HOW TO COMPLETE THIS TASK: Without any pictures, print the lines below from the one that has "Детектор ELITECH Д80" through the one that has "Q: What are", exactly and nothing else.

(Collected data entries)
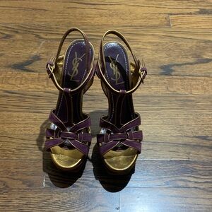 Yves Saint Laurent Cream and Black Strappy Heels
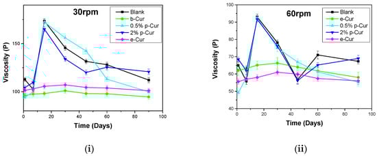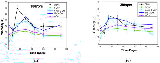 As RPM increases, droplet flocs or Cur agglomerates progressively deform and break down, thus decreasing flow resistance and viscosity. The produced emulsions exhibited different viscosity stability depending on Cur derivatives. In the case of p-Cur-based emulsions, the emulsions containing p-Cur either 0.5 or 2% wt showed the highest viscosity in 30, 60, 100 and 200 RPM. In particular, 0.5%and 2% p-Cur emulsions exhibited an increase higher than 10% in viscosity after 20 days and a decrease higher than 10% after 90 days of storage. This is a common behavior of emulsions containing agents in the form of powder, which leads in their flocculation. In the first stage, the agglomerates hinder the stirring, thus increasing the viscosity, while the following reduction in viscosity is attributed to the breakage of the agglomerates, producing more homogenous emulsions []. On the contrary, b-Cur and e-Cur emulsions showed an increase (less than 10%) in viscosity up to 30 days, and then a small decrease was observed up to 90 days (again less than 10% from the initial value), indicating that the prepared formulations show excellent performance in terms of stability. Similar results were observed in the case of 30, 60, 100 and 200 rpm []. In all these cases the particle size defines the viscosity stability of emulsions. The smaller the particle size, the more stable the viscosity profile. As the range of particle size becomes wider, numerous agglomerates are formed during the stirring and storage time, leading to viscosity instabilities.
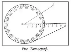 Тахеограф (рос. тахеограф, англ. tacheograph нім. Tacheograph) – транспортир з круговою шкалою і лінійкою, виготовлений на прозорій основі. Тахеограф використовується для нанесення на план точок знятих тахеометричною зйомкою.
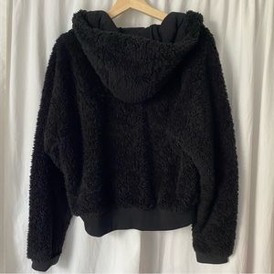 Lululemon Women Textured Fleece Hoodie 1/2 Zip Sz 8 Black Teddy Faux Sherpa
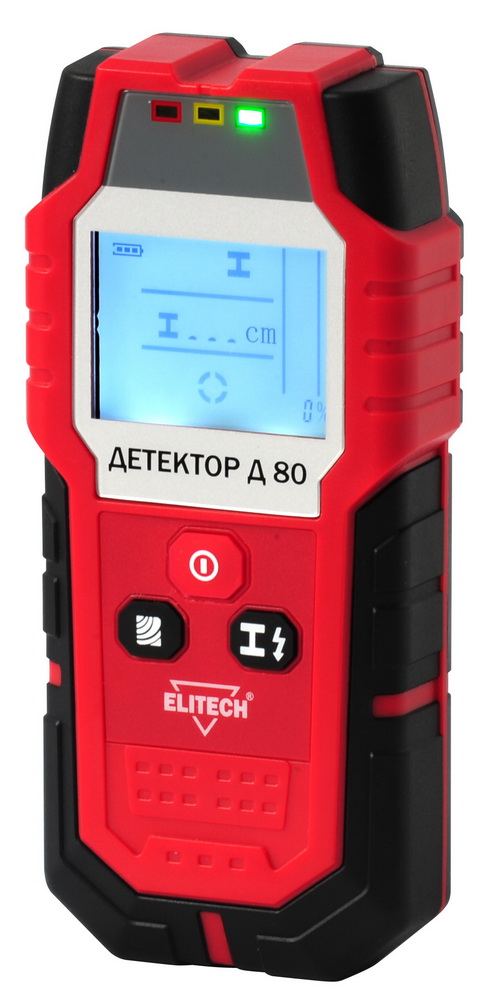 Детектор ELITECH Д80 предназначен для обнаружения в стенах, полах, потолках и других ограждающих конструкциях цветного и черного металлов, деревянных элементов каркаса и электропроводки под напряжением.
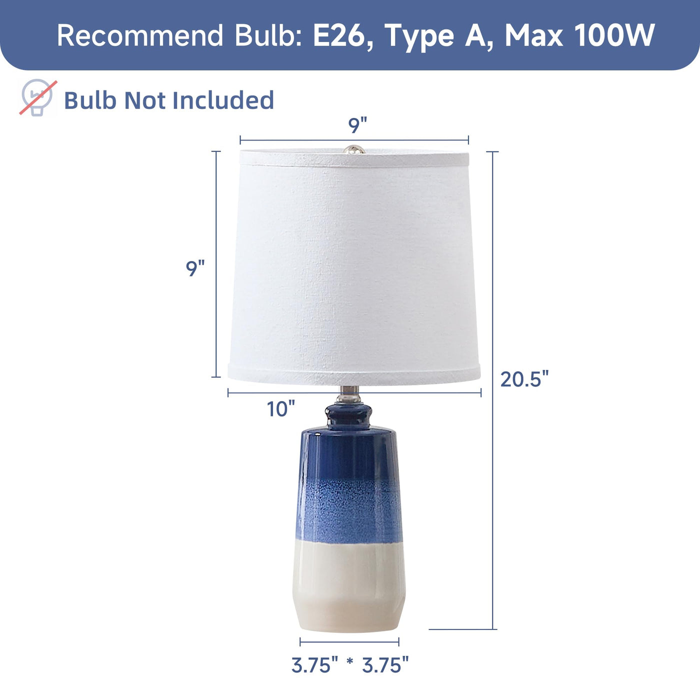 Q: What are the dimensions of the EUO 20.5" Ceramic Blue Lamps?A: The EUO 20.5" Ceramic Blue Lamps measure 10 inches in length and 10 inches in width, with a height of 20.5 inches, making them ideal for small spaces like nightstands and end tables.
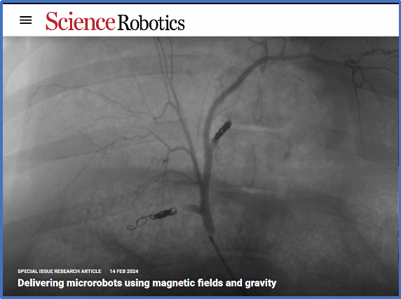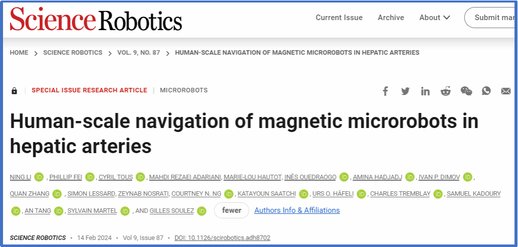 近日,yl6809永利官网张泉教授团队联合国内外合作者,在Science子刊《Science Robotics》(机器人领域排名第一)以共同通讯作者发表题为“Human-scale Navigation of Magnetic Microrobots in Hepatic Arteries”的研究工作。
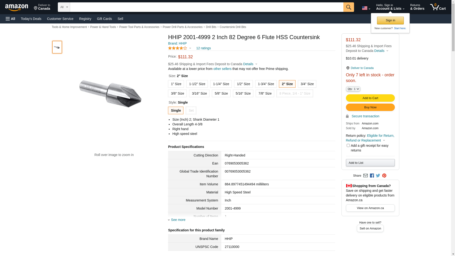 HHIP 2001-4999 2 Inch 82 Degree 6 Flute HSS Countersink
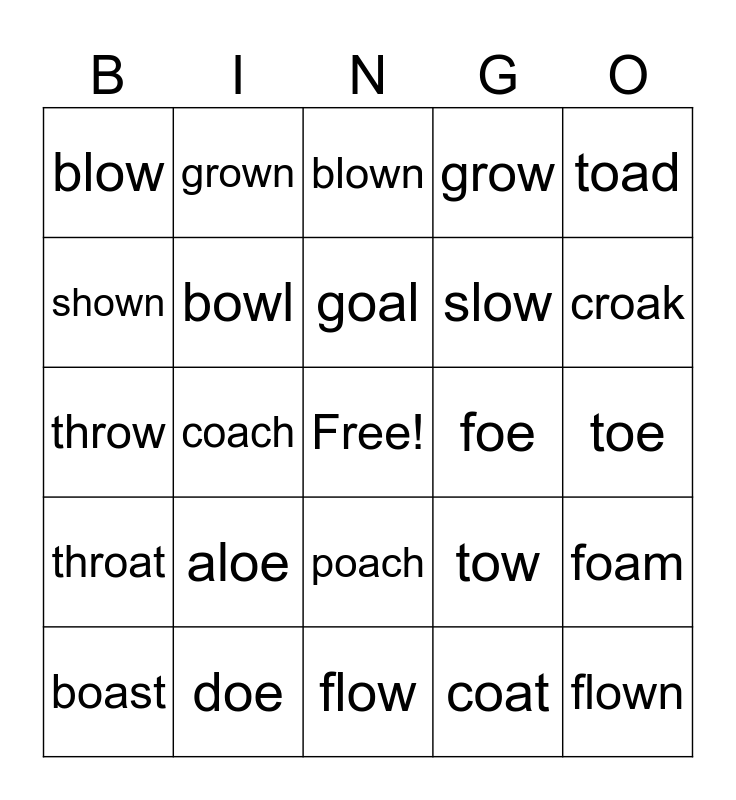 This bingo card has a free space and 29 words: boast, boat, coach, coal, blow, blown, bowl, aloe, foe, doe, toe, flown, flow, coat, croak, roach, poach, throat, toad, throw, tow, snow, slow, shown, grow, grown, foam, goal and moat.
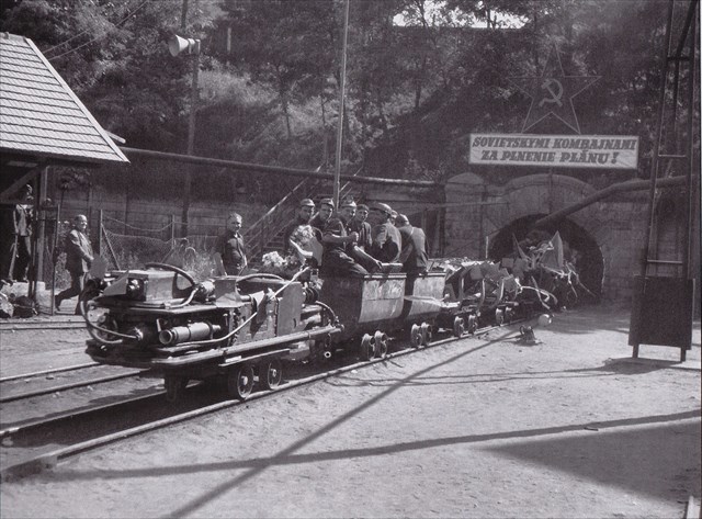 Prvý sovietsky dobývací kombajn ide slávnostne do bane, august 1952.
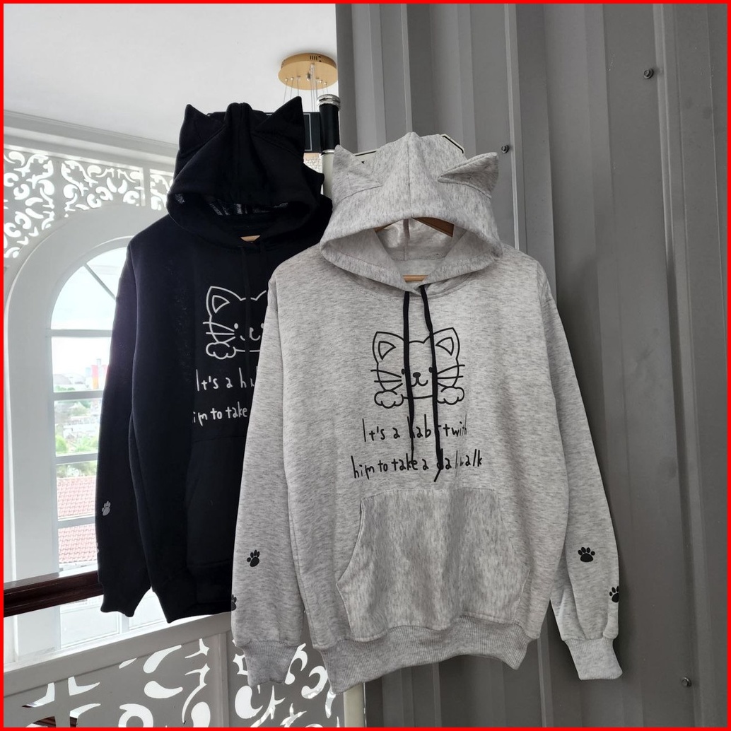 Isi 2 Pcs Jaket Sweater Couple Pasangan Cat Ear Jaket Pasangan Pacar Warna Lucu Imut Jaket Couple Sahabat Switer Couple
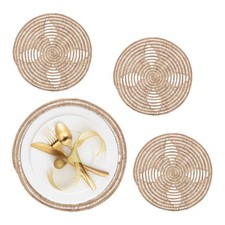 Subtilement métallisée, la fantaisie s’inscrit au menu avec ces sets qui apportent la touche finale, illuminent les repas et protègent la table. Dimensions• Diamètre 36 cm environComposition• 100% polypropylène avec fils métallisésDescription• Belle qualité• Design métallisé• Lot de 4 sets de table de même coloris• 4 coloris au choix
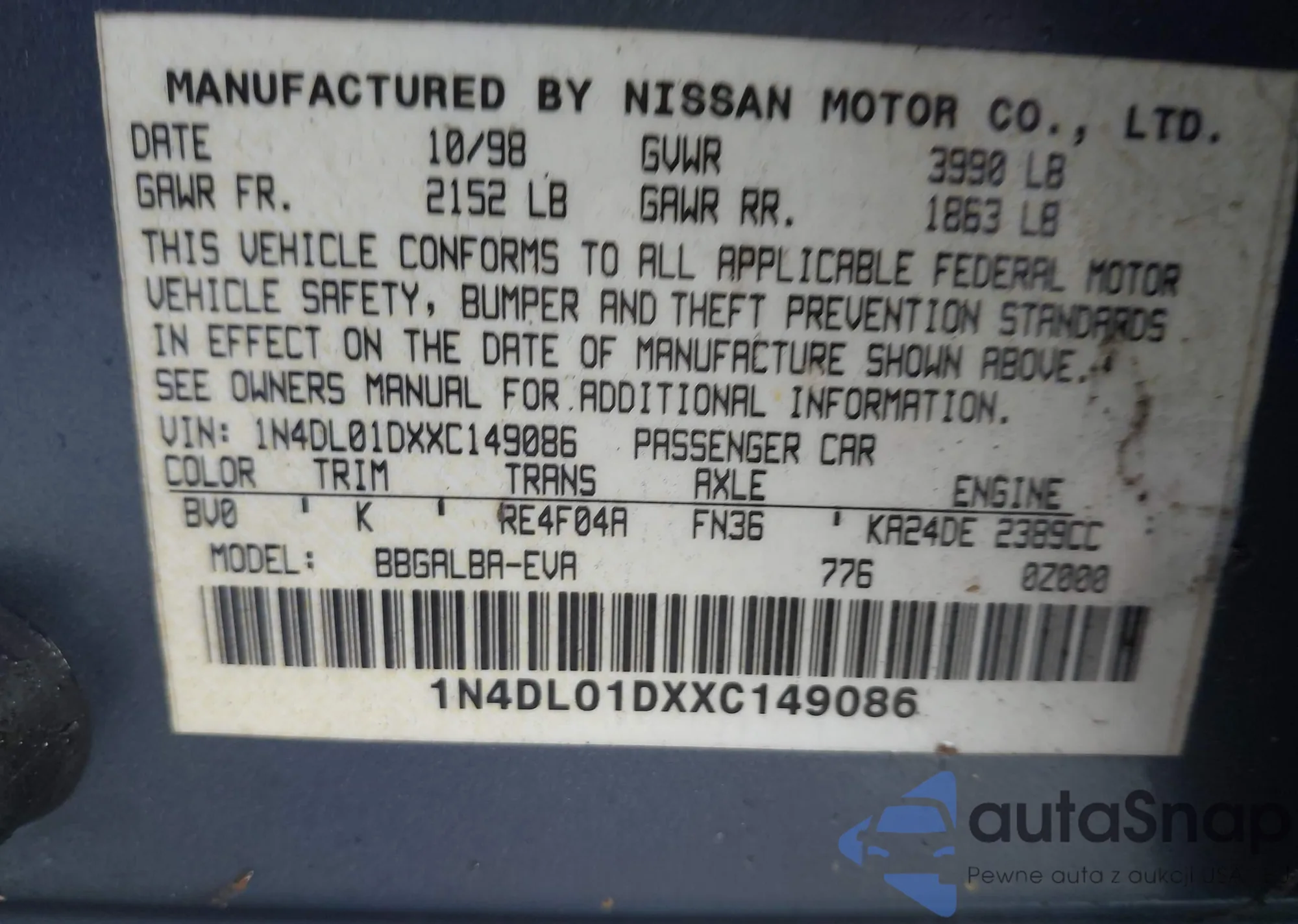 VIN: 1N4DL01DXXC149086

EXERCISE ANSWER:
 Детектор ELITECH Д80 предназначен для обнаружения в стенах, полах, потолках и других ограждающих конструкциях цветного и черного металлов, деревянных элементов каркаса и электропроводки под напряжением.
 Q: What are the dimensions of the EUO 20.5" Ceramic Blue Lamps?A: The EUO 20.5" Ceramic Blue Lamps measure 10 inches in length and 10 inches in width, with a height of 20.5 inches, making them ideal for small spaces like nightstands and end tables.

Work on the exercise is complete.